Start of EXTRACTED MATERIAL

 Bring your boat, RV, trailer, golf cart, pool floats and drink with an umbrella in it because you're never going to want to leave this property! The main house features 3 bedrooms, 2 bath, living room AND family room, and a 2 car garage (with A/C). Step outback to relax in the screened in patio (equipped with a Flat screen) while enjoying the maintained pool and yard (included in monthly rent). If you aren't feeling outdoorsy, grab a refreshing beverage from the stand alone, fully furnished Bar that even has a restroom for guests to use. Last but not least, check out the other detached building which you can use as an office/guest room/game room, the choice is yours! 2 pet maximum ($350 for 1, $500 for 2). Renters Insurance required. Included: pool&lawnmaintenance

End of EXTRACTED MATERIAL
Start of EXTRACTED MATERIAL

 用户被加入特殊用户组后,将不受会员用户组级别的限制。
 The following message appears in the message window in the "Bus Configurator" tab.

End of EXTRACTED MATERIAL
Start of EXTRACTED MATERIAL

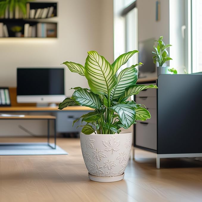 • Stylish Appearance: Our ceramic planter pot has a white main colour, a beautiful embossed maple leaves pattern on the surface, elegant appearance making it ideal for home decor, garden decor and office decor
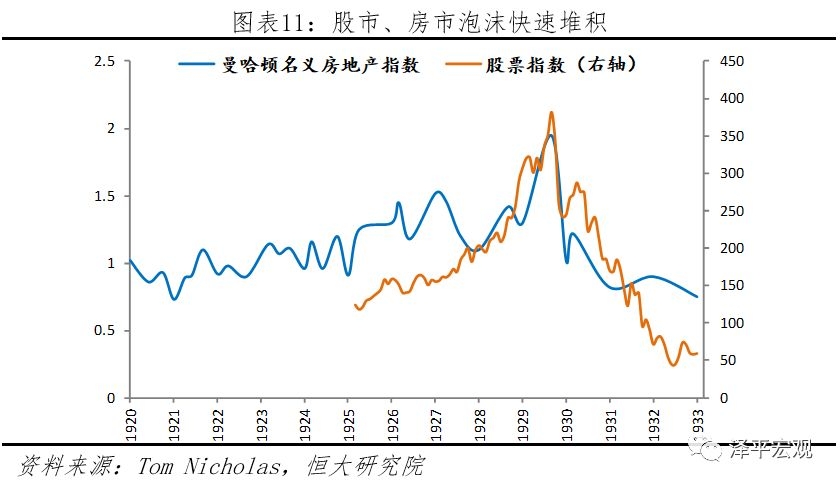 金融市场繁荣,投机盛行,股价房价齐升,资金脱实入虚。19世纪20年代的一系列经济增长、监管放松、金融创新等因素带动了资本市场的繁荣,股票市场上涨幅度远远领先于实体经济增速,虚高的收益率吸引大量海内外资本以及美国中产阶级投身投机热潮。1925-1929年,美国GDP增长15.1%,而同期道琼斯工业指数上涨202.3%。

End of EXTRACTED MATERIAL

▸ INSTRUCTIONS FOR THE TASK:
Above are the records; return the lines in them from the one with "and office decor" to the one with "金融市场繁荣,投机盛行,股价", inclusive, exactly and without images.

▸ FINISHED EXERCISE:
 • Stylish Appearance: Our ceramic planter pot has a white main colour, a beautiful embossed maple leaves pattern on the surface, elegant appearance making it ideal for home decor, garden decor and office decor
 金融市场繁荣,投机盛行,股价房价齐升,资金脱实入虚。19世纪20年代的一系列经济增长、监管放松、金融创新等因素带动了资本市场的繁荣,股票市场上涨幅度远远领先于实体经济增速,虚高的收益率吸引大量海内外资本以及美国中产阶级投身投机热潮。1925-1929年,美国GDP增长15.1%,而同期道琼斯工业指数上涨202.3%。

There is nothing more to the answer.